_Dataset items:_
++++++++++++++++++++

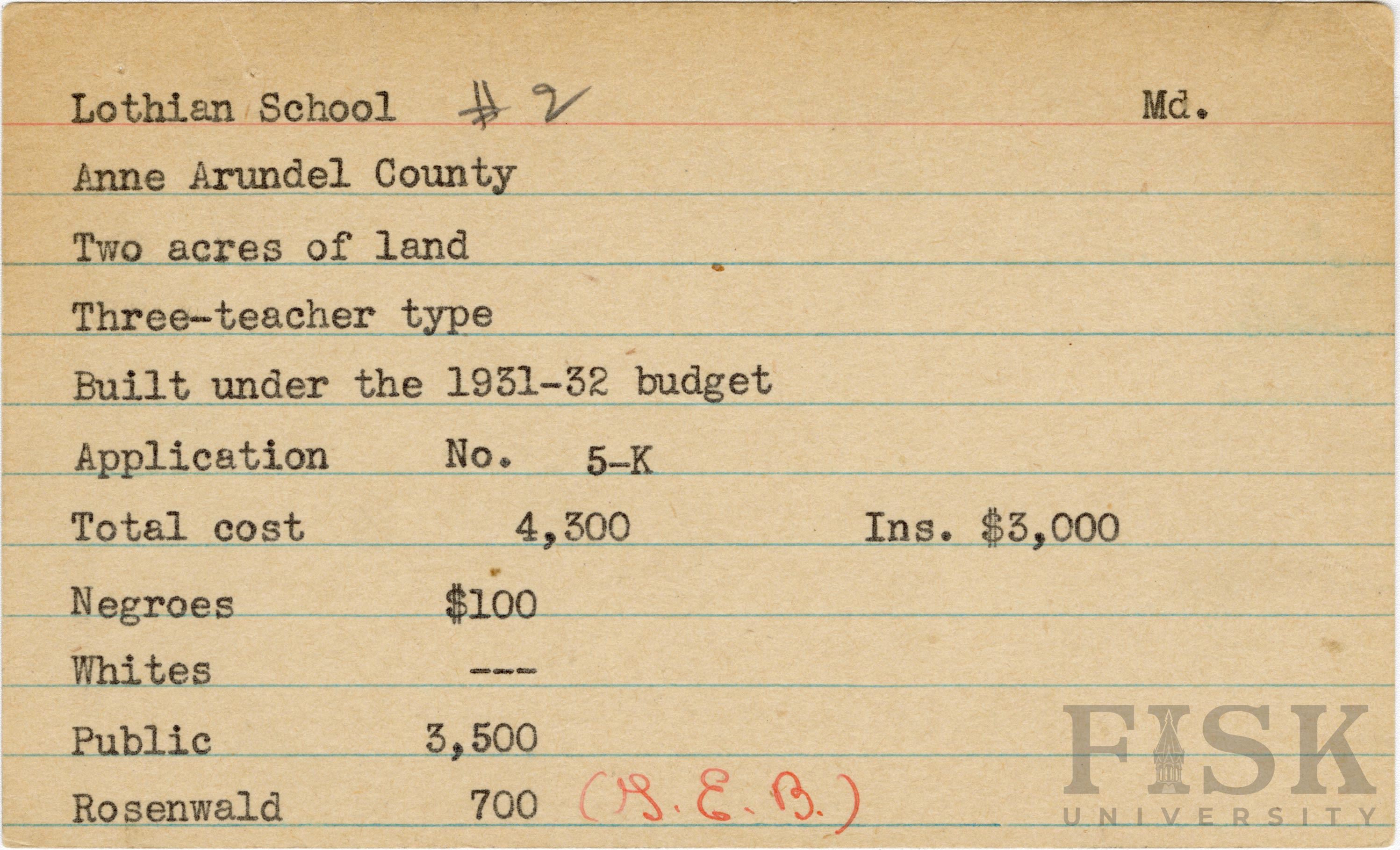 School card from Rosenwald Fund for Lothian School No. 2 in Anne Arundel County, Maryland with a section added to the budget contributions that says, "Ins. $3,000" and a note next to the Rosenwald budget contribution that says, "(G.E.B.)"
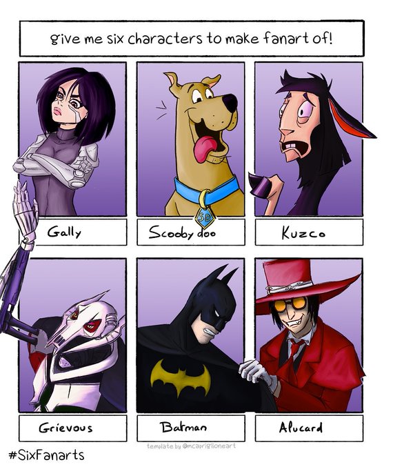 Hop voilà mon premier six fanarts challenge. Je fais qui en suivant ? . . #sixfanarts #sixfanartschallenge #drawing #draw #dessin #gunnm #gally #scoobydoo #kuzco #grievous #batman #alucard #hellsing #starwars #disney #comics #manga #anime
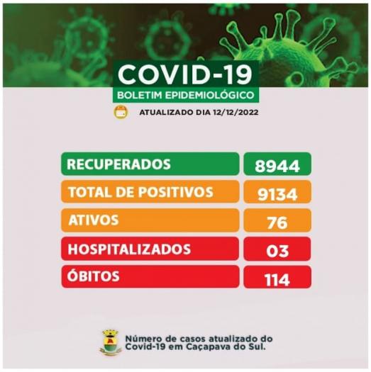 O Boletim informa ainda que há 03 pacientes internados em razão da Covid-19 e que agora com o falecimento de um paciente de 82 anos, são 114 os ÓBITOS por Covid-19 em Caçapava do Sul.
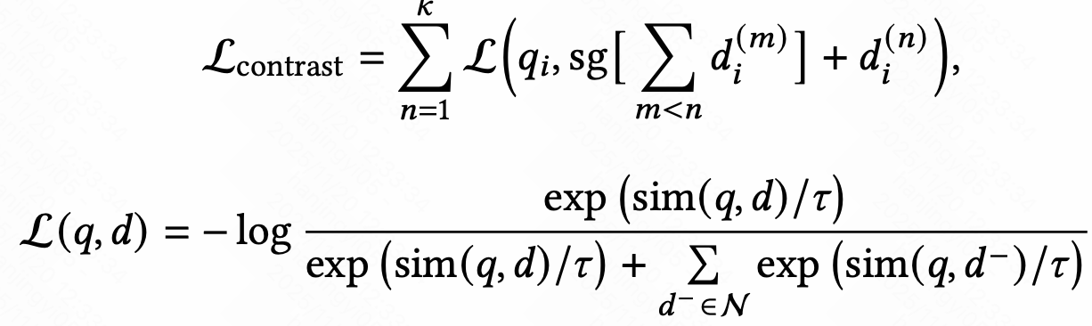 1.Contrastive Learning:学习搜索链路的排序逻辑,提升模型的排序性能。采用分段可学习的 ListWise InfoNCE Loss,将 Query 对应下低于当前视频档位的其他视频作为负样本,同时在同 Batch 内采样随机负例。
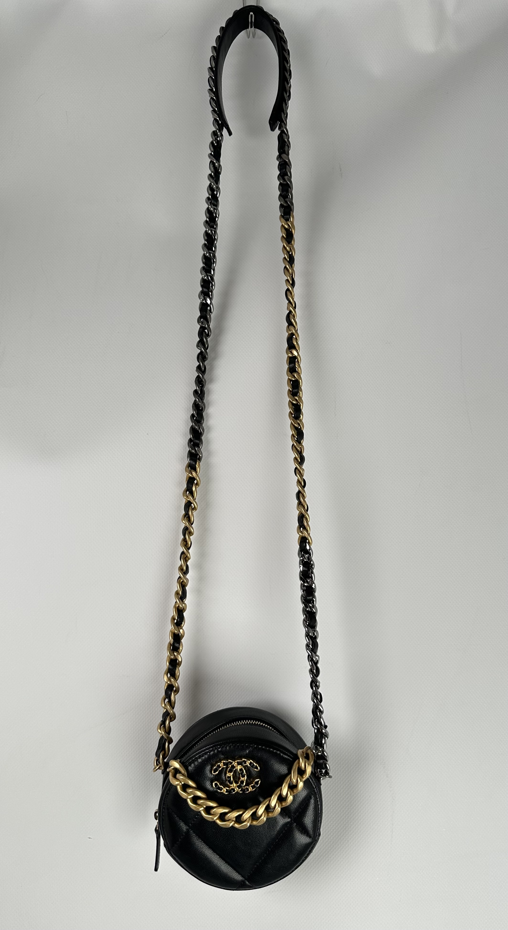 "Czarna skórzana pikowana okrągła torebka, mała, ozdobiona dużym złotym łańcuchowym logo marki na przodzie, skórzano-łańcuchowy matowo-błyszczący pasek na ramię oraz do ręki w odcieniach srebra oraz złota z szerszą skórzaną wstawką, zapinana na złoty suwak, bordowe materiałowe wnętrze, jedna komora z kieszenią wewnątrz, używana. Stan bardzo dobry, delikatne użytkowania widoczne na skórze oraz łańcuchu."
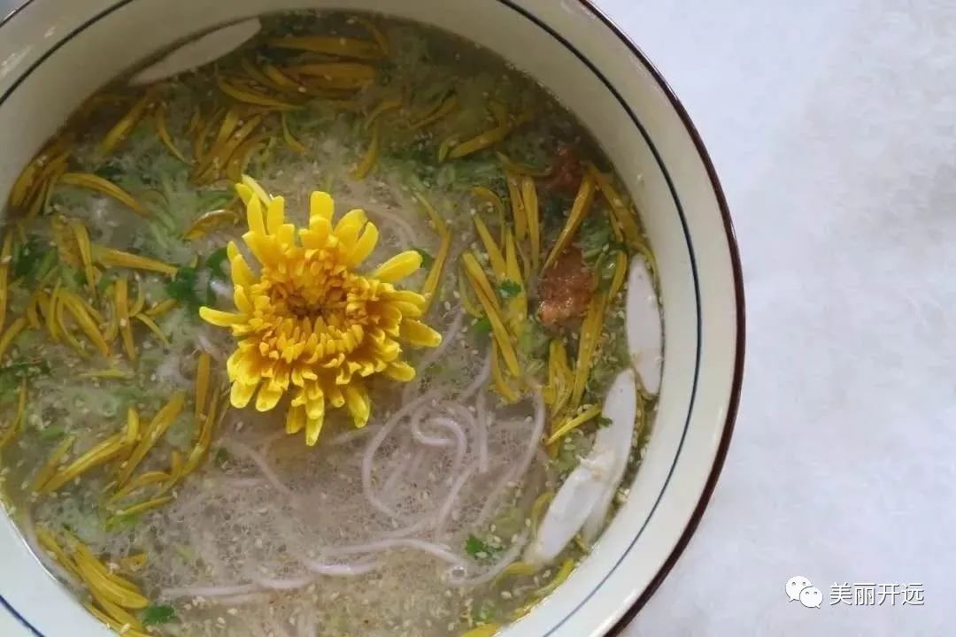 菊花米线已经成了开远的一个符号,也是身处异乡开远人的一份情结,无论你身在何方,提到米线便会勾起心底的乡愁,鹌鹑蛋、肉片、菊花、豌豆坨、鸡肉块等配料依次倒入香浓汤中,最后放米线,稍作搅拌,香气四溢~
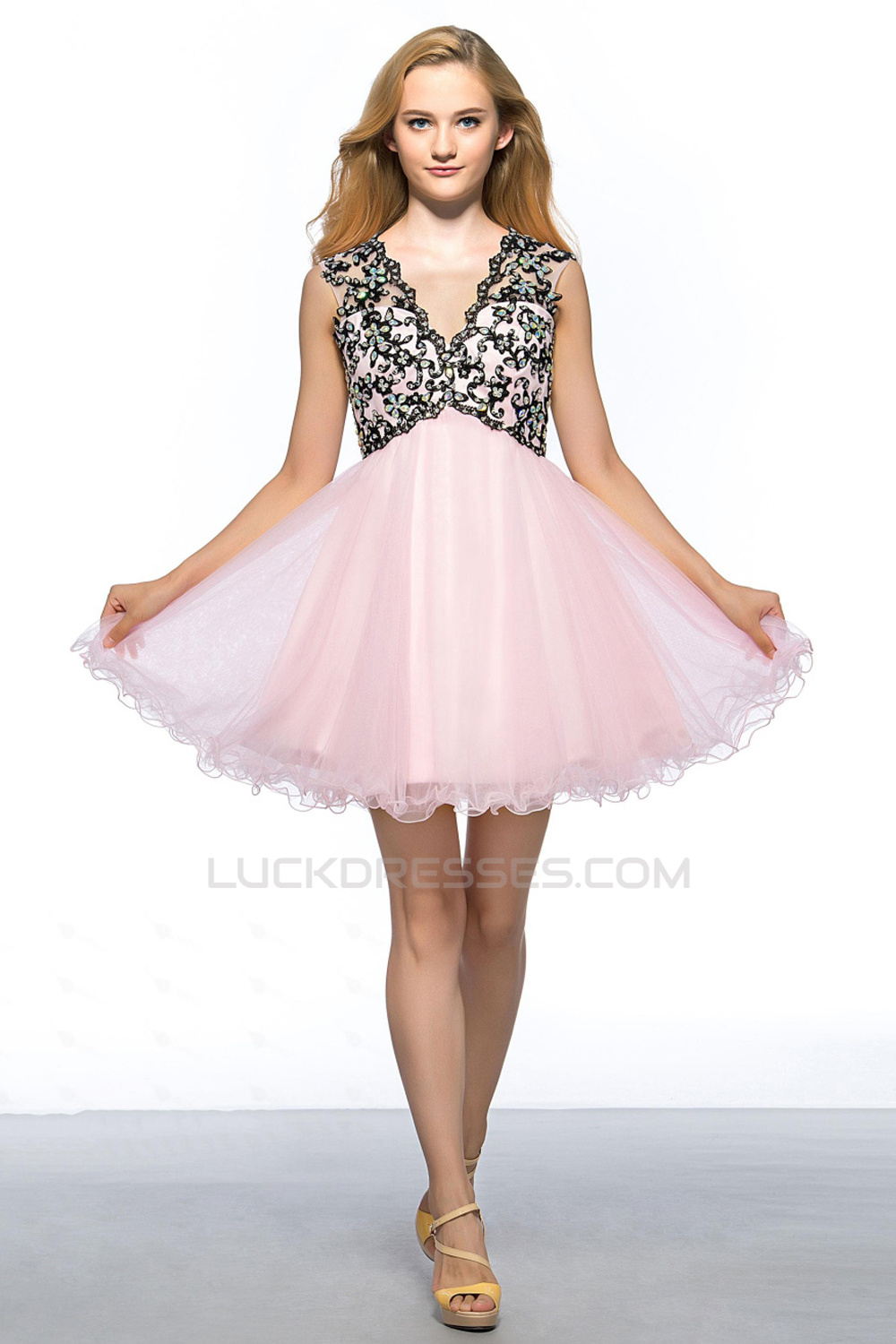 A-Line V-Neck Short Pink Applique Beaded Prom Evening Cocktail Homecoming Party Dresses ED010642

++++++++++++++++++++

_PROBLEM TO WORK ON:_
Nothing but an exact copy is needed, covering the lines from the line with "Hop voilà mon" through the last line of the entries, pictures excluded.

_WRITTEN ANSWER:_
 Hop voilà mon premier six fanarts challenge. Je fais qui en suivant ? . . #sixfanarts #sixfanartschallenge #drawing #draw #dessin #gunnm #gally #scoobydoo #kuzco #grievous #batman #alucard #hellsing #starwars #disney #comics #manga #anime
 O Boletim informa ainda que há 03 pacientes internados em razão da Covid-19 e que agora com o falecimento de um paciente de 82 anos, são 114 os ÓBITOS por Covid-19 em Caçapava do Sul.
 1.Contrastive Learning:学习搜索链路的排序逻辑,提升模型的排序性能。采用分段可学习的 ListWise InfoNCE Loss,将 Query 对应下低于当前视频档位的其他视频作为负样本,同时在同 Batch 内采样随机负例。
 "Czarna skórzana pikowana okrągła torebka, mała, ozdobiona dużym złotym łańcuchowym logo marki na przodzie, skórzano-łańcuchowy matowo-błyszczący pasek na ramię oraz do ręki w odcieniach srebra oraz złota z szerszą skórzaną wstawką, zapinana na złoty suwak, bordowe materiałowe wnętrze, jedna komora z kieszenią wewnątrz, używana. Stan bardzo dobry, delikatne użytkowania widoczne na skórze oraz łańcuchu."
 菊花米线已经成了开远的一个符号,也是身处异乡开远人的一份情结,无论你身在何方,提到米线便会勾起心底的乡愁,鹌鹑蛋、肉片、菊花、豌豆坨、鸡肉块等配料依次倒入香浓汤中,最后放米线,稍作搅拌,香气四溢~
 A-Line V-Neck Short Pink Applique Beaded Prom Evening Cocktail Homecoming Party Dresses ED010642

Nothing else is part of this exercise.